Theodore assembled the bishops ‘each in his own place’, likely according to seniority, as ruled in the eighth canon of the council. Theodore addressed the bishops, asking them ‘if they were willing to keep the canonical decrees’ of the fathers, to which they agree enthusiastically in unison. Then, he presented a book of canons and highlighted ten chapters which were ‘specially necessary’. These chapters are discussed and then ratified by the attendees. Theodore then concluded by asserting the gravity of adherence to these canons, and warning of the consequences of disobedience.

==Creed==
The chapters discussed are summarised as follows:

Chapter One

That Easter Day is to be kept ‘at the same time, namely on the Sunday after the fourteenth day of the moon of the first month’. This was confirming the English adherence to the Roman calculation of Easter, as decided at the Synod of Whitby in 664.

Chapter Two

That ‘no bishop intrude into the diocese of another bishop’, and rather ‘be content’ with their own diocesan rule.

Chapter Three

That bishops are not to interfere ‘in any way’ with monasteries, nor ‘forcibly’ take any monastic property. Rumble has emphasised that this decree still allowed the local bishop to participate in the election of abbots in his diocese thereby not disregarding the right given by the Rule of St Benedict.

Chapter Four

That monks are not to ‘wander from place to place’, meaning between monasteries. They may only do so if they have ‘letters dimissory from their own abbot’.

Chapter Five

That clergy are not to ‘leave their own bishop nor wander about at will’. Clergy are not to be ‘received anywhere without letters commendatory from his own bishop’. The ‘receiver and the received’ risk excommunication if this is not obeyed. Godfrey has argued that chapters four and five, concerning wandering clerics and monks, were significant because they indicated ‘the end of the migratory stage in the Conversion’, and the establishment of a stable diocesan system.

Chapter Six

That travelling bishops and clergy are to be ‘content with the hospitality offered them’, and not to exercise any ‘priestly function’ without the bishop of the diocese's permission.

Chapter Seven

That a synod is to occur ‘twice yearly’. However, this proposal prompted discussion and after ‘hindrances’ emerged, it was thus decided that the bishops were to meet annually on 1 August at Clofesho. The location of Clofesho is unknown, and Cubitt has demonstrated that in practice this ruling was not followed.

Chapter Eight

That no bishop is to ‘claim precedence over another bishop out of ambition’, but that rank is according to ‘order of consecration’.

Chapter Nine

That ‘more bishops shall be created as the number of the faithful increases’. This measure was discussed but no decision was reached at this synod.

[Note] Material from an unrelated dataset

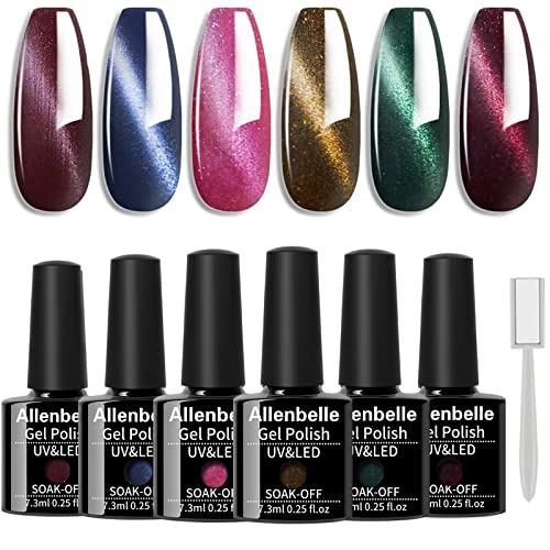 Allenbelle Smalto Semipermanente Magnetico Nail Polish UV LED Gel Unghie 7.3ml (Kit di 6 pcs 7.3ML/pc) 002

This marked the introduction of Theodore's plan to create more dioceses, a policy which he continually advocated.

Chapter Ten

Concerning marriage. Reasserting that ‘nothing be allowed but lawful wedlock’.

== Significance ==
The Council of Hertford denotes the introduction of the English Church to ‘synodical government’, which was an established format on the Continent. The influential Synod of Whitby predates the Council of Hertford, but Whitby was specifically convened to discuss the controversial issue of the dating of Easter. Thus, Hertford was the first instance in which the bishops convened to discuss general ecclesiastical issues, and so was the definitive beginning of an Anglo-Saxon conciliar tradition.

In being the first national synod, the Council of Hertford acted as a precedent for future synods. These meetings were not as frequent as Theodore intended at Hertford, but later councils such as Hatfield clearly were influenced by the structures put in place at Hertford. Cubitt has emphasised that, while Greek and Roman councils acted as the ‘ultimate model’, the early Anglo-Saxon councils ‘set the style’ for future proceedings.